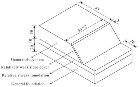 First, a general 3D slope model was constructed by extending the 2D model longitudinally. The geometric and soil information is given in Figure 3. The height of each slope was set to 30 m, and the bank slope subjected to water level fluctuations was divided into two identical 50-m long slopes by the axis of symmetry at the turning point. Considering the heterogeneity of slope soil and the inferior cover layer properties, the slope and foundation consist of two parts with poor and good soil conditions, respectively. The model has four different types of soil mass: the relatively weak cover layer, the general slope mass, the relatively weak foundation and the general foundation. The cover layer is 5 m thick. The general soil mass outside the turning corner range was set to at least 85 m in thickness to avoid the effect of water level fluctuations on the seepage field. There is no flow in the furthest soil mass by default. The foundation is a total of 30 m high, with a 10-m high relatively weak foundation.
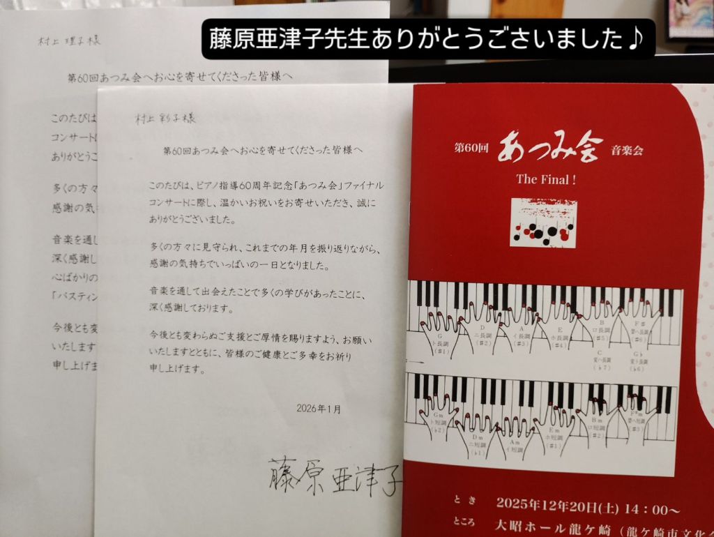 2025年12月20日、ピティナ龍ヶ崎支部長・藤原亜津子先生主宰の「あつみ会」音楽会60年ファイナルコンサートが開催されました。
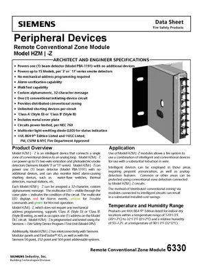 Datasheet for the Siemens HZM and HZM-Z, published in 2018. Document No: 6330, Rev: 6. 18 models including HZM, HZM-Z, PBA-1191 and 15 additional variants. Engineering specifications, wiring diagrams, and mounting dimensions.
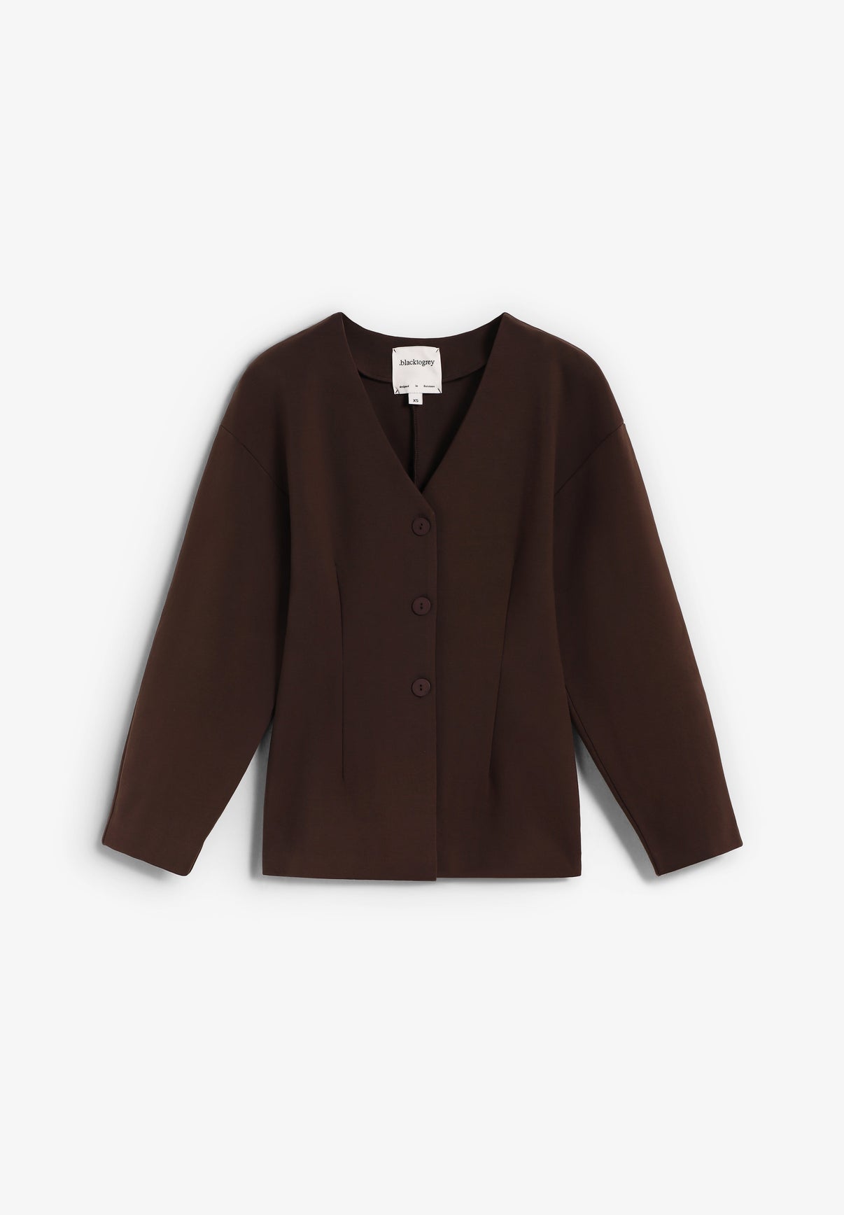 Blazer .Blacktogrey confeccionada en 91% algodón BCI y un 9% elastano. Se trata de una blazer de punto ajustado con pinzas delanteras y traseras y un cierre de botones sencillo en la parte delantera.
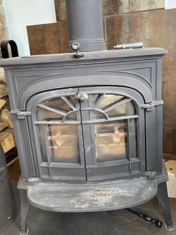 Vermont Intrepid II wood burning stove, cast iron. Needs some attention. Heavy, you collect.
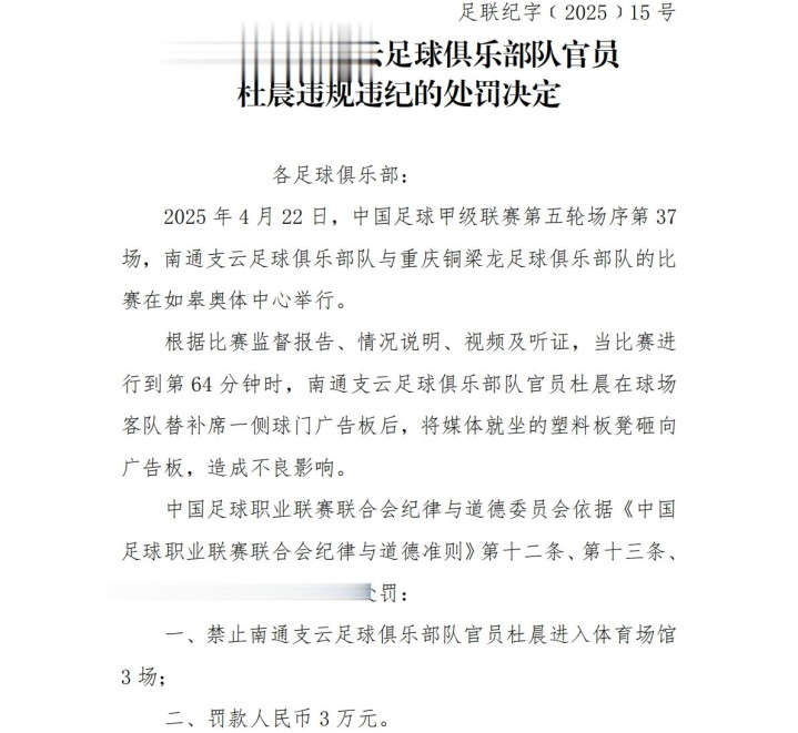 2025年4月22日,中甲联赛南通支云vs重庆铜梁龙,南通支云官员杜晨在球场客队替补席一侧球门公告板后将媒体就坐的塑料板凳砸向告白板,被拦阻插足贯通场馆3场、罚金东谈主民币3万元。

...

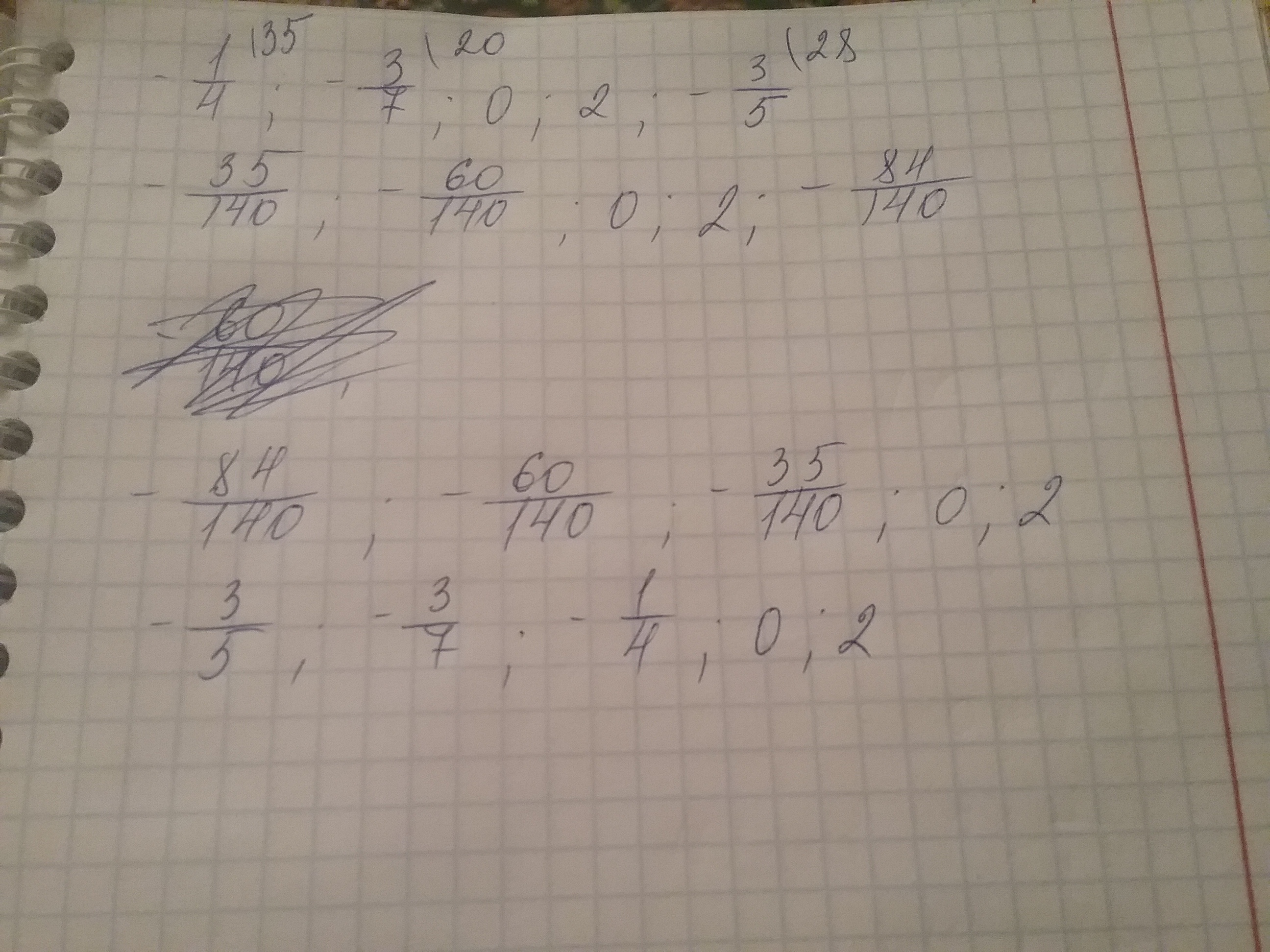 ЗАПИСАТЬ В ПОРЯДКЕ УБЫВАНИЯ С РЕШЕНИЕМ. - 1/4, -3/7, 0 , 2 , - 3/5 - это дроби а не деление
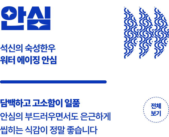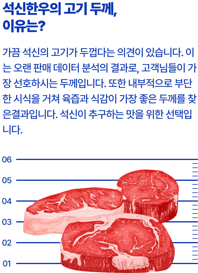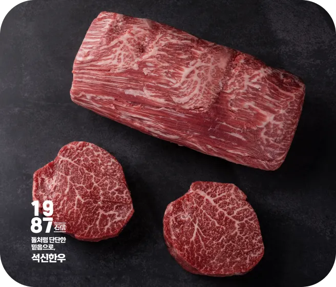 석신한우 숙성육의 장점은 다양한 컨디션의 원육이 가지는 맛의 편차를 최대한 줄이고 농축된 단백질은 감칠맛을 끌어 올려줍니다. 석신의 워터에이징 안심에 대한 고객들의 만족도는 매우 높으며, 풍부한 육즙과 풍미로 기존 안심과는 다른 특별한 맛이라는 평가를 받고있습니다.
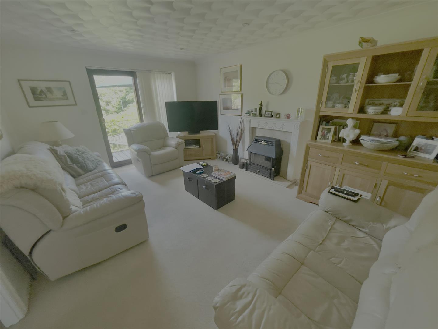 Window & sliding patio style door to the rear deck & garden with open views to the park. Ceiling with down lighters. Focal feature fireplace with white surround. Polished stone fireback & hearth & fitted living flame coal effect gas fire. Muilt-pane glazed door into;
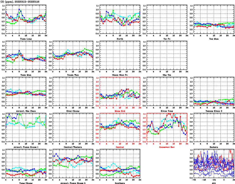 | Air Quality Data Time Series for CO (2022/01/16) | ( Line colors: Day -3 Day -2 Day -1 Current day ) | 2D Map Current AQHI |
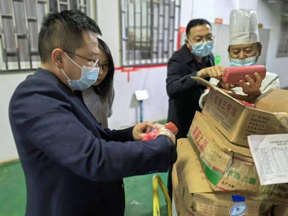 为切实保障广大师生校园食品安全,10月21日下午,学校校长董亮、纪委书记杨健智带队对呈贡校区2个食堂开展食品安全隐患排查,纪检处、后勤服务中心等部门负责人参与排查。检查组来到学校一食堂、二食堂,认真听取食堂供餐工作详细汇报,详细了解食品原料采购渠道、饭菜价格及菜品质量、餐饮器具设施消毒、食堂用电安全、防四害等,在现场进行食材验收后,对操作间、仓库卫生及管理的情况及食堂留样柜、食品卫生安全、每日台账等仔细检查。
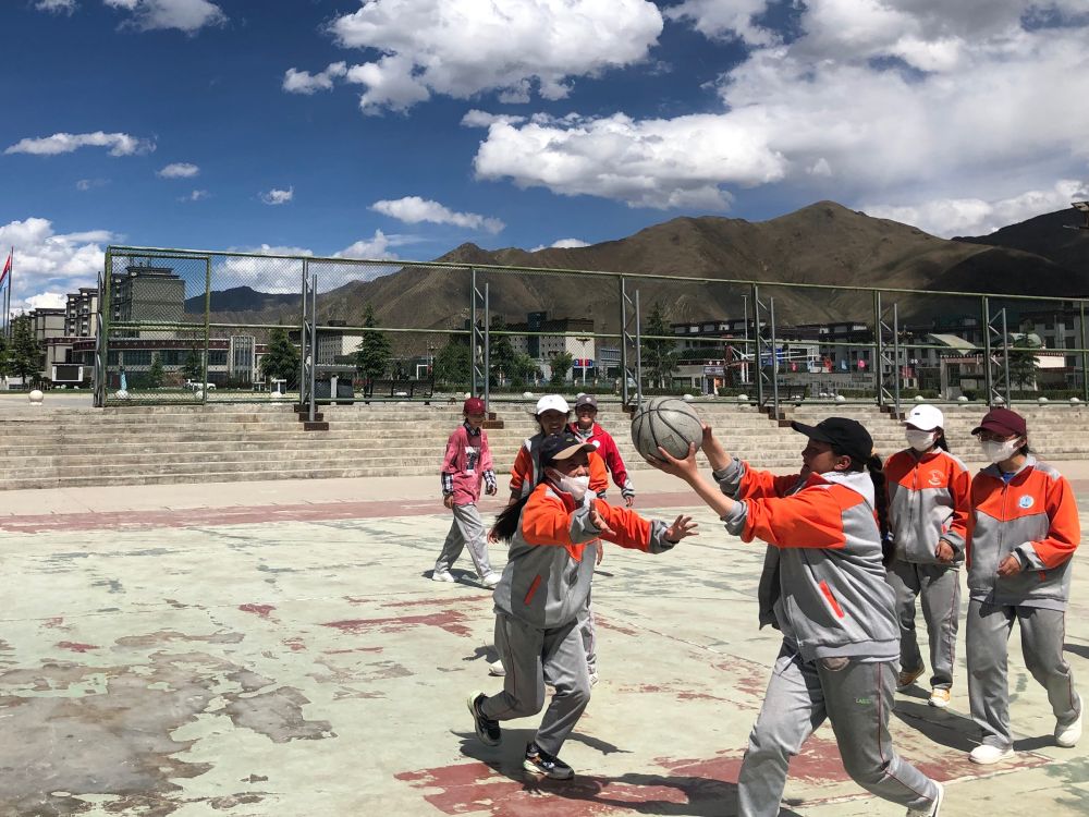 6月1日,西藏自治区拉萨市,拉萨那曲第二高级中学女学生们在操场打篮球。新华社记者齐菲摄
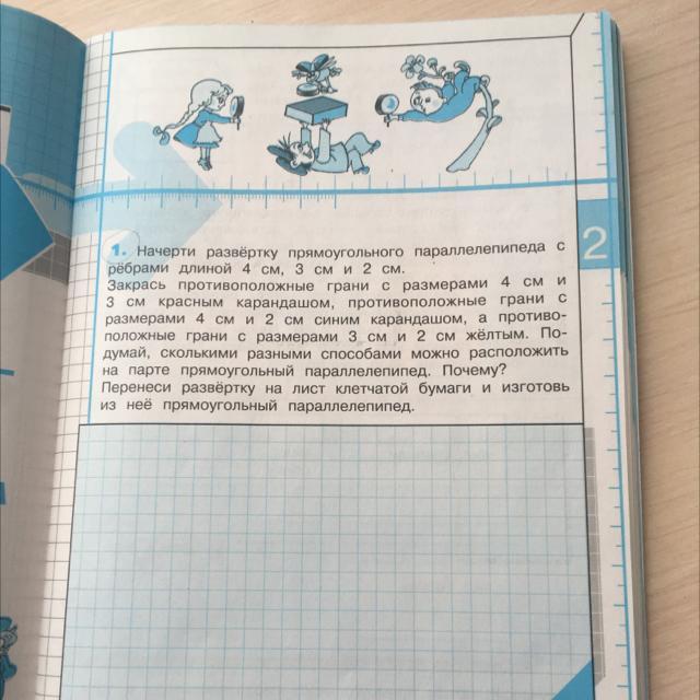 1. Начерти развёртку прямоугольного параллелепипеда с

* _Exercise aim_: From the records above, copy exactly the stretch from the line holding "2025年12月20日、ピテ" through the line holding "2025年4月22日,中甲联", both ends included, without the pictures.

* _Response to the exercise_:
 2025年12月20日、ピティナ龍ヶ崎支部長・藤原亜津子先生主宰の「あつみ会」音楽会60年ファイナルコンサートが開催されました。
 Datasheet for the Siemens HZM and HZM-Z, published in 2018. Document No: 6330, Rev: 6. 18 models including HZM, HZM-Z, PBA-1191 and 15 additional variants. Engineering specifications, wiring diagrams, and mounting dimensions.
 Blazer .Blacktogrey confeccionada en 91% algodón BCI y un 9% elastano. Se trata de una blazer de punto ajustado con pinzas delanteras y traseras y un cierre de botones sencillo en la parte delantera.
 Vermont Intrepid II wood burning stove, cast iron. Needs some attention. Heavy, you collect.
 2025年4月22日,中甲联赛南通支云vs重庆铜梁龙,南通支云官员杜晨在球场客队替补席一侧球门公告板后将媒体就坐的塑料板凳砸向告白板,被拦阻插足贯通场馆3场、罚金东谈主民币3万元。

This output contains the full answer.